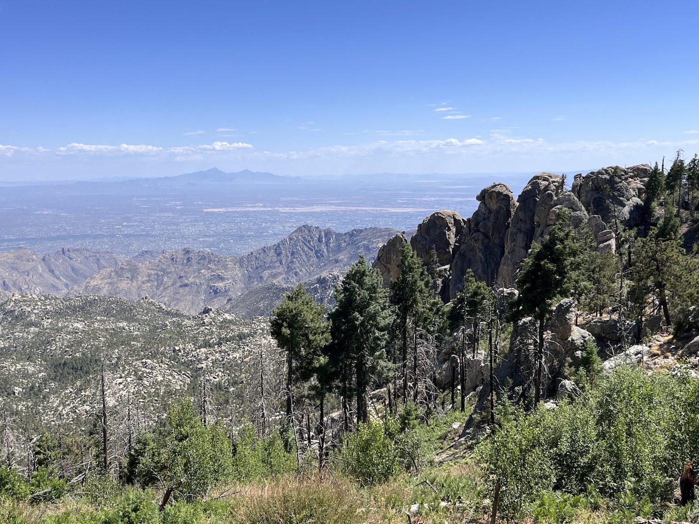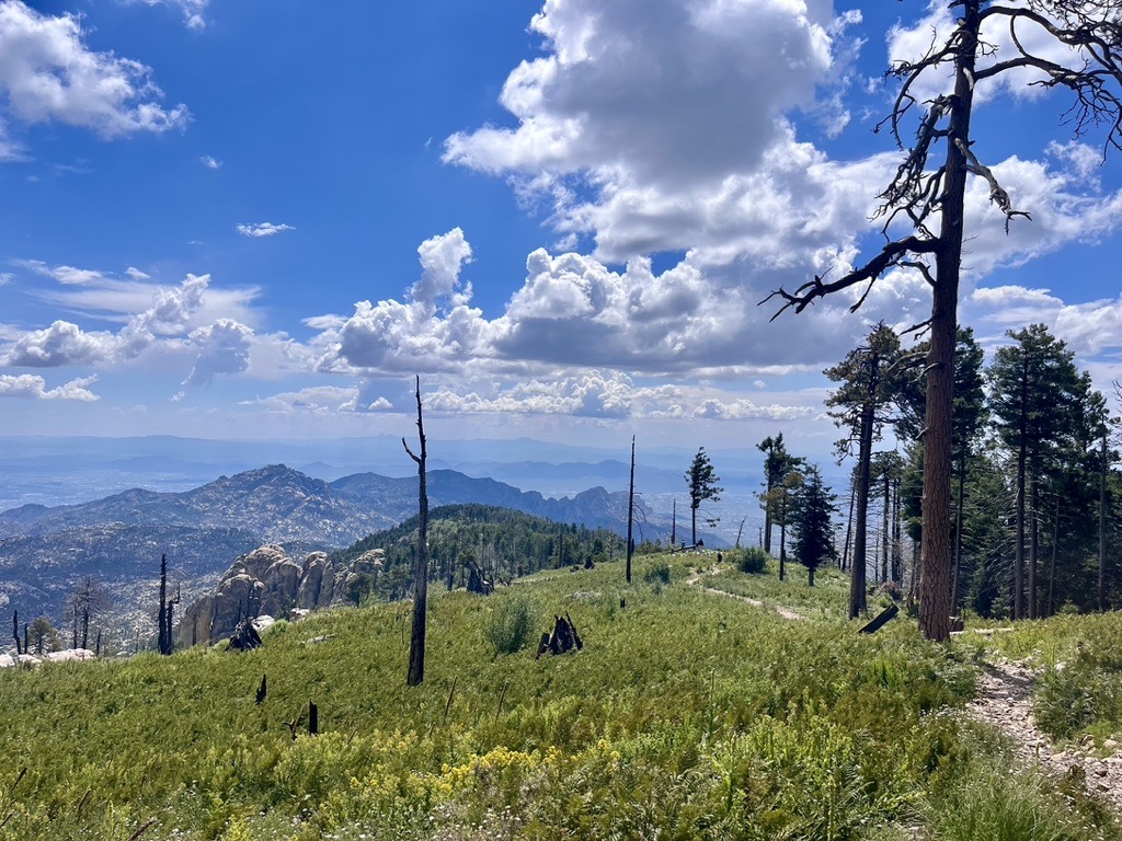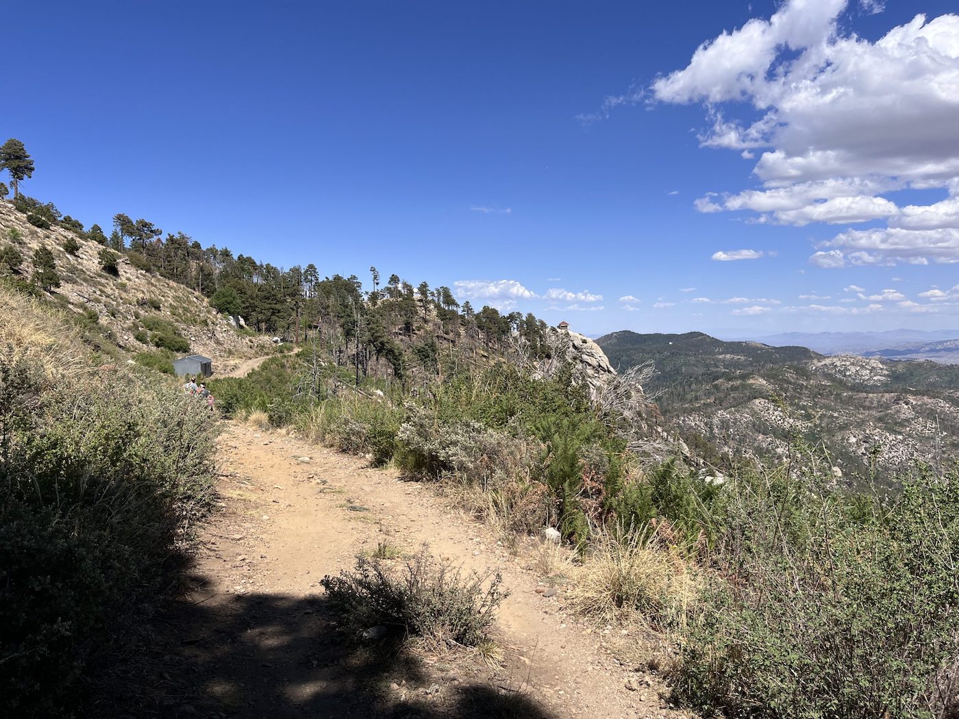 At the start of the hike you will quickly reach a junction where Meadow Trail heads to the right and the Mount Lemmon Trail, which looks like a dirt road, goes to the left. Stay right on Meadow Trail. As the trail contours around you will see buildings uphill to your north. These are part of the Mt Lemmon Observatory quarters. As the trail wraps back to the south, large trees give way to a meadow and a clear view to the south will begin opening up presenting an expansive view down the mountain’s hillside. At certain times of year the meadow will have a variety of wildflowers and an occasional raspberry bush giving the space pops of vibrant colors. Many visitors choose to end their hike here, enjoy the scenery, and eventually return back the way you came.
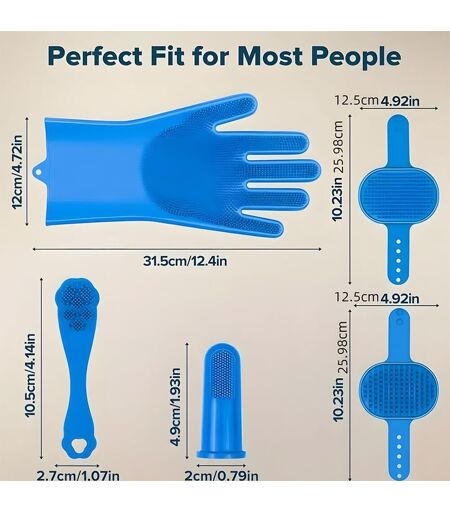 Size: 2 x gloves, 1 x pet toothbrush, 1 x pet foot brush, 2 x pet bristle brushes, a unique solution for bathing, hair removal, massage and grooming.MATERIAL: Made of tear-resistant silicone and with high density bristles for greater durability and use as a brush, scrub brush and massager.Design: Ergonomic, with a perfect adjustable handle that fits different hand sizes, easy to grip and effectively remove pet hair.APPLICATIONS: Deep clean and save shampoo for faster and easier bathing. Multifunctional cleaning gloves for dogs can also remove fur.After-sales Service: We strongly advocate for the rights and interests of consumers; if there is any problem with the product, please give us your feedback in a timely manner. ...
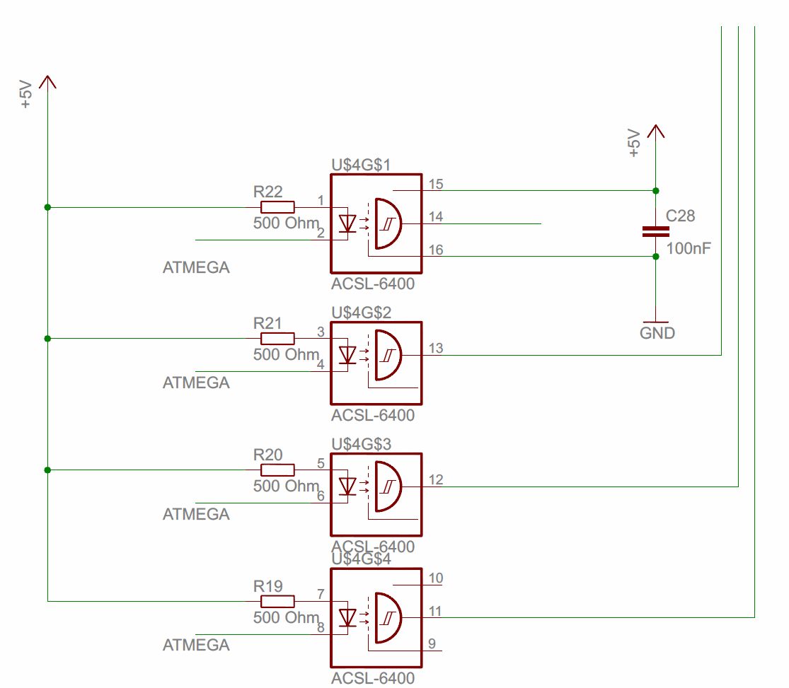 Einen schönen Guten Abend liebe Community, ich habe da ein kleines Problemchen mit dem obigen Optokoppler und der Beschaltung im Anhang, eigentlich möchte ich, dass über die Eingangsseiten 10 mA fließen, das sollte laut Datenblatt ja in Ordnung gehen, und Ausgangsseitig würde ich auch etwa 10mA oder auch 12 brauchen, aber irgendwie krieg ich auf der Photodiodenseite gar nichts raus egal ob die ATmegaanschlüsse Massepotential haben oder 5V. Hat vielleicht jemand eine Idee woran das liegen könnte? Schöne Grüße und angenehme Bettruhe, Alois

What needs to be done: Output the listing above exactly, excluding all pictures.

Response to this exercise:
 At the start of the hike you will quickly reach a junction where Meadow Trail heads to the right and the Mount Lemmon Trail, which looks like a dirt road, goes to the left. Stay right on Meadow Trail. As the trail contours around you will see buildings uphill to your north. These are part of the Mt Lemmon Observatory quarters. As the trail wraps back to the south, large trees give way to a meadow and a clear view to the south will begin opening up presenting an expansive view down the mountain’s hillside. At certain times of year the meadow will have a variety of wildflowers and an occasional raspberry bush giving the space pops of vibrant colors. Many visitors choose to end their hike here, enjoy the scenery, and eventually return back the way you came.
 Size: 2 x gloves, 1 x pet toothbrush, 1 x pet foot brush, 2 x pet bristle brushes, a unique solution for bathing, hair removal, massage and grooming.MATERIAL: Made of tear-resistant silicone and with high density bristles for greater durability and use as a brush, scrub brush and massager.Design: Ergonomic, with a perfect adjustable handle that fits different hand sizes, easy to grip and effectively remove pet hair.APPLICATIONS: Deep clean and save shampoo for faster and easier bathing. Multifunctional cleaning gloves for dogs can also remove fur.After-sales Service: We strongly advocate for the rights and interests of consumers; if there is any problem with the product, please give us your feedback in a timely manner. ...
 Einen schönen Guten Abend liebe Community, ich habe da ein kleines Problemchen mit dem obigen Optokoppler und der Beschaltung im Anhang, eigentlich möchte ich, dass über die Eingangsseiten 10 mA fließen, das sollte laut Datenblatt ja in Ordnung gehen, und Ausgangsseitig würde ich auch etwa 10mA oder auch 12 brauchen, aber irgendwie krieg ich auf der Photodiodenseite gar nichts raus egal ob die ATmegaanschlüsse Massepotential haben oder 5V. Hat vielleicht jemand eine Idee woran das liegen könnte? Schöne Grüße und angenehme Bettruhe, Alois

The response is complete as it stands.